The policy would delay several LNG export facilities scheduled to come online by 2027, including Venture Global LNG’s Calcasieu Pass 2 project, Energy Transfer’s Lake Charles project, and Commonwealth LNG’s export project near Cameron, Louisiana, among others.

Rumblings that the Biden administration would add a climate change analysis to the approval process for LNG export terminals began circulating earlier in January, when Politico ran a report that the White House was considering adding a CO₂ emissions study requirement to the national interest segment of the certification.

The new Bloomberg report attributed the story to unnamed sources familiar with the matter.

On Jan. 24, The New York Times reported that the White House would specifically delay the decision on the Calcasieu Pass project.

The move has been cheered on by environmental groups, who Biden has been courting as a voting block in the upcoming presidential election.

The Institute for Energy Economics and Financial Analysis, a group that encourages an acceleration to alternative energy sources, praised the move.

“Given the myriad of environmental, consumer, security and health concerns raised by these projects, this is welcome news for local communities,” the IEEFA said in a press release. “IEEFA believes that it is appropriate for the Department of Energy to consider whether further expansion of U.S. LNG export capacity is in the U.S. public interest.”

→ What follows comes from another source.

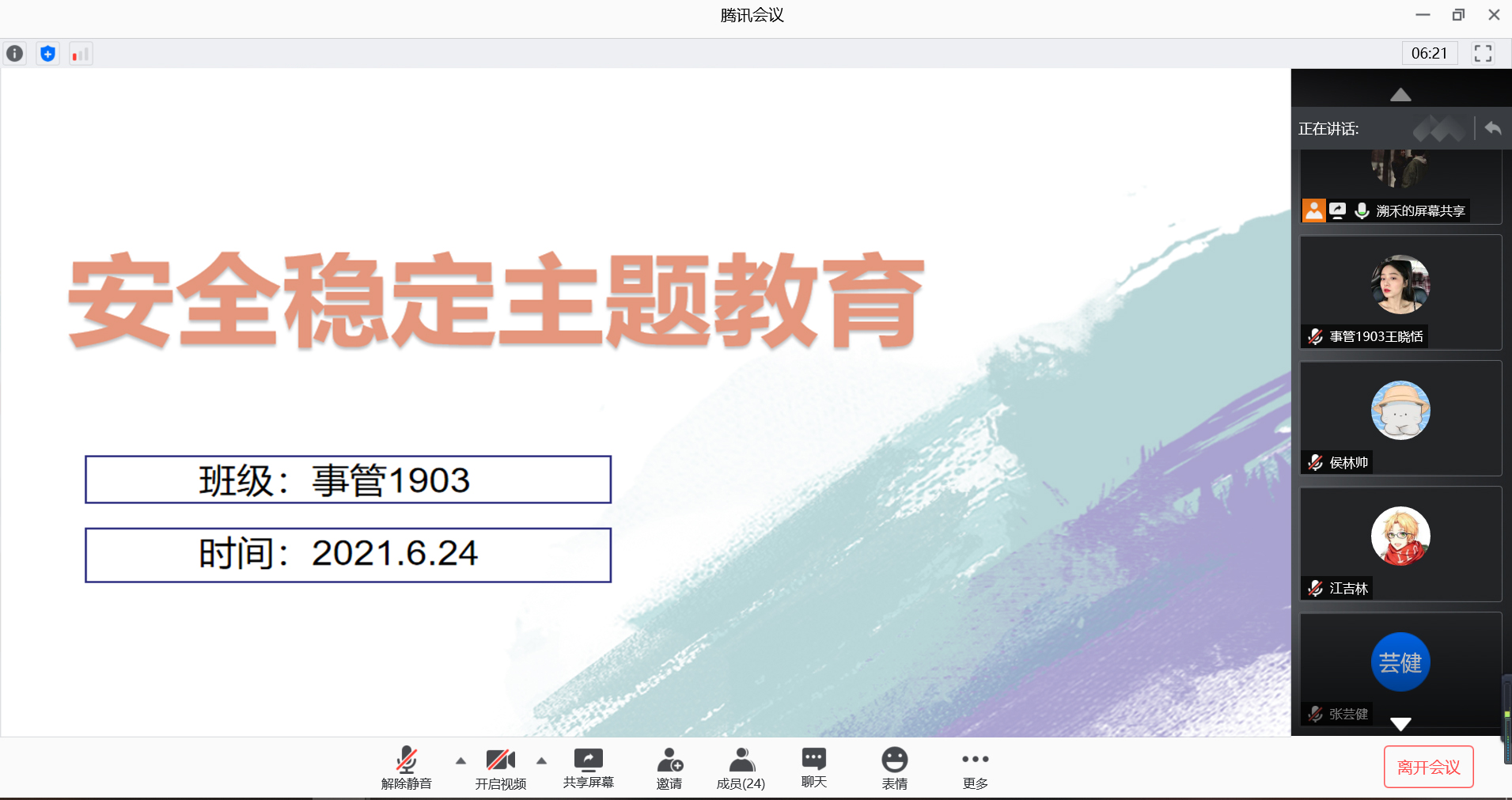 为切实增强学生校园安全防范意识,提高学生校园安全防范能力,着力构筑平安、和谐、稳定校园,我院于6月23-25日在各级辅导员通过线上、线下形式召开“安全稳定主题教育班会”。

Since the story on Jan. 24 broke, energy executives and political figures have come forward denouncing the plan. The move would make the U.S. LNG industry look unstable, hurt allies who are planning on increased imports and ultimately increase CO₂ emissions as natural gas is used primarily to replace coal in older power plants.

“America becoming energy dominant again—like in 2019—is the key to restoring global order, and that starts with a strong LNG export industry,” said Texas Railroad Commissioner Wayne Christian in a letter to the Biden administration on Jan. 24.

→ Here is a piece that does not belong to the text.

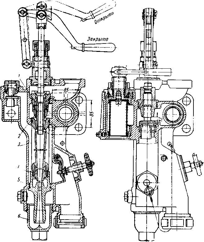 Открытие и закрытие регуляторных клапанов осуществляется при помощи специального привода, состоящего из системы тяг,
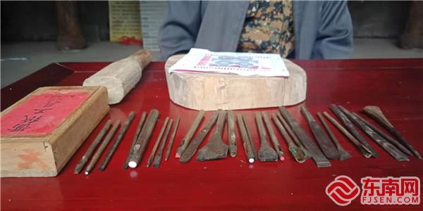 老藝人對傳統(tǒng)鑿具進(jìn)行了改良。 東南網(wǎng)記者 賴志昌 攝 此外,為了讓刻紙龍燈煥發(fā)新的時代光彩,他們還對傳統(tǒng)鑿具進(jìn)行了改良、增進(jìn)?!耙酝従咧挥惺畮赘?,做出的圖案比較粗糙,改良后增加到二三十根,可根據(jù)需求做出不同圖案?!迸砟较舱f,改良后的鑿具更加精細(xì)、多樣,鑿刻的圖畫也更加美觀,更符合現(xiàn)代人審美。

“I don’t know about President Biden, but I’d much rather have the world buy America’s clean natural gas over gas anywhere else,” Christian said. “Our energy strategy should be to increase production of our domestic fossil fuels and export that reliable energy to our allies across the globe.”

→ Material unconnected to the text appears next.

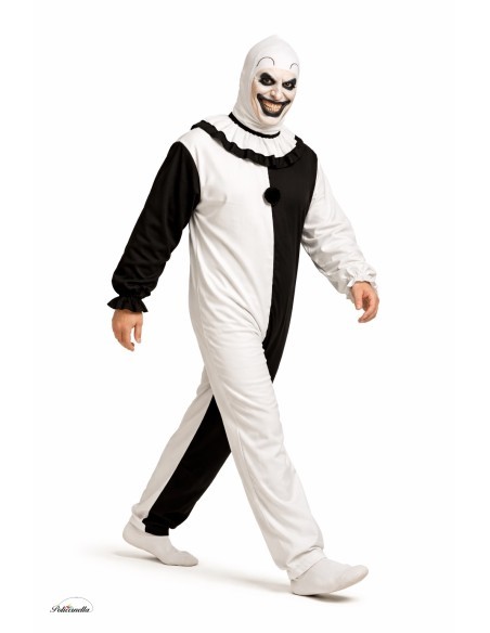 Déguisement de clown tueur idéal pour un Halloween terrifiant. Comprend une combinaison bicolore en blanc et noir et un cache-cou en tissu brossé de haute qualité. La combinaison se ferme avec une fermeture éclair invisible dans le dos et le cache-cou a des volants blancs et noirs au col avec une fermeture en velcro. Comprend un petit chapeau melon en feutre à fixer avec une épingle à nourrice (non incluse). Un look sinistre, confortable et très marquant.

Looking beyond the delay, Tom Sharp, director of permitting intelligence for Arbo, said a project analysis for climate change would be a huge challenge for the federal government.

Climate change is a global phenomenon, Sharp said. A study or analysis of single project’s effect on the entire globe that could withstand a company’s legal challenge would be extremely difficult to create.

In a Jan. 25 statement from the American Petroleum Institute, President and CEO Mike Sommers said, “This would be a win for Russia and a loss for American allies, U.S. jobs and global climate progress.”

LNG has been a key factor in helping Europe replace Russian natural gas since the start of the war in Ukraine in 2022, API noted in the release.

“In 2022, the U.S. surged more than 800 LNG cargoes to Europe—a 141% increase from 2021,” Sommers said. “A recent study shows that Europe likely faces a looming natural gas supply gap that threatens its long-term energy security.”